With continuous improvement of technology and ideas, it is becoming more intelligent, efficient, and environmentally friendly to obtain polysaccharides from plants. Selection of the appropriate technique is governed by the physicochemical properties of the target compounds, yield of polysaccharides, potential interfering substances, and overall process safety (Zhao et al., 2017). Comprehensively compare these parameters in different methods to determine the appropriate extraction method. Researchers also need to consider the impact on the environment, and efficient, green, economical, and environmentally friendly extraction methods are the most suitable.

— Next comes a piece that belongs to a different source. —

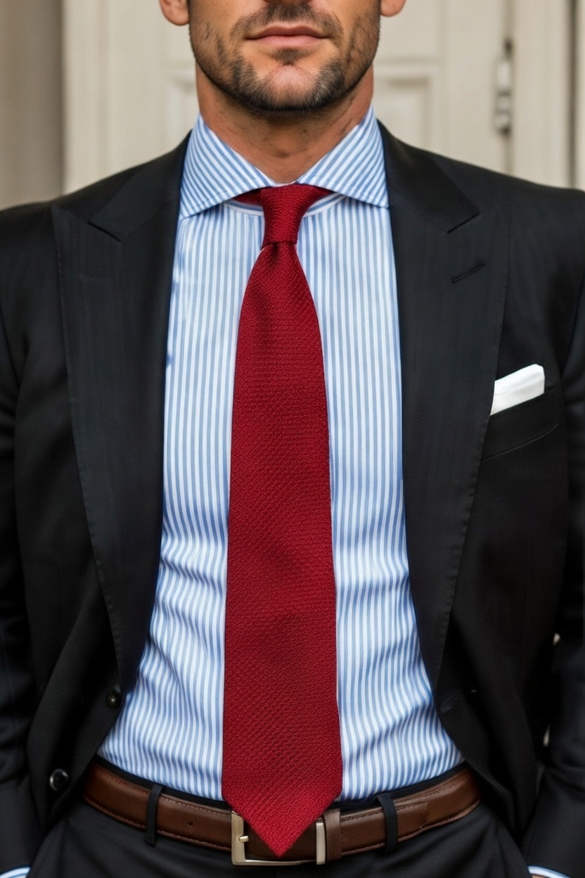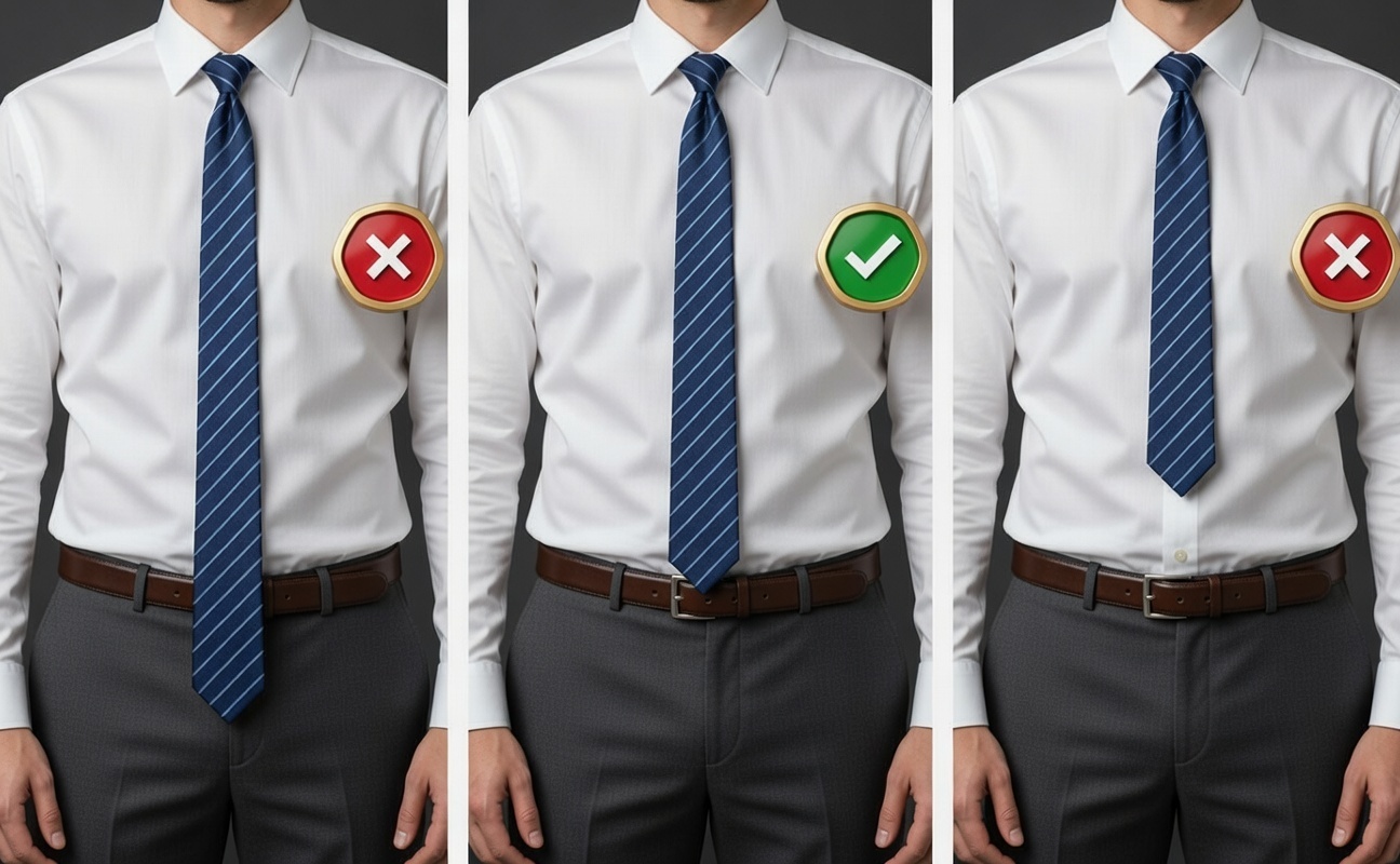 Главное правило остаётся неизменным: нижний край галстука должен слегка касаться верхней кромки ремня (или пояса брюк). Всё, что выше или ниже — уже ошибка, которую заметят даже те, кто не разбирается в моде.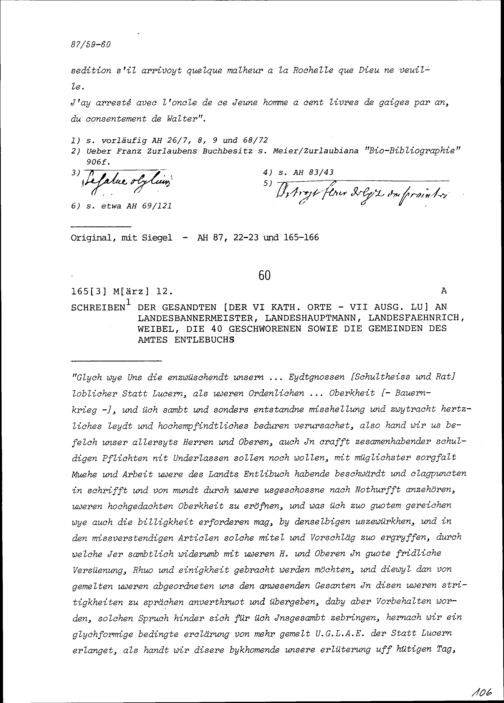 Schreiben der Gesandten der Sechs Katholischen Orte an Landesbannermeister, Landeshauptmann, Landesfähnrich, Weibel und die 40 Geschworenen sowie die Gemeinden des Amts Entlebuch

There are several things that should be determined before the polysaccharide’s extraction process begins. These include the processing methods of the raw materials, the extraction methods and conditions, the selection of solvents, as well as the final purification methods for the polysaccharides. D. nobile polysaccharides are mainly located within the cell walls. To facilitate their release, mechanical damage is usually inflicted on plant tissues. Additionally, lipophilic substances included in plants should be removed to minimize impurities to ease purification. The most used solvents are petroleum ether and ethyl acetate (Zhang et al., 2020). These procedures are the foundation for the subsequent process of extraction. The choice of extraction method plays a key role in determining the reliability and yield of subsequent experiments. Currently employed methods for isolating D. nobile polysaccharides include hot water extraction (HWE), ultrasound-assisted extraction (UAE), and subcritical water extraction (SWE) (Figure 2).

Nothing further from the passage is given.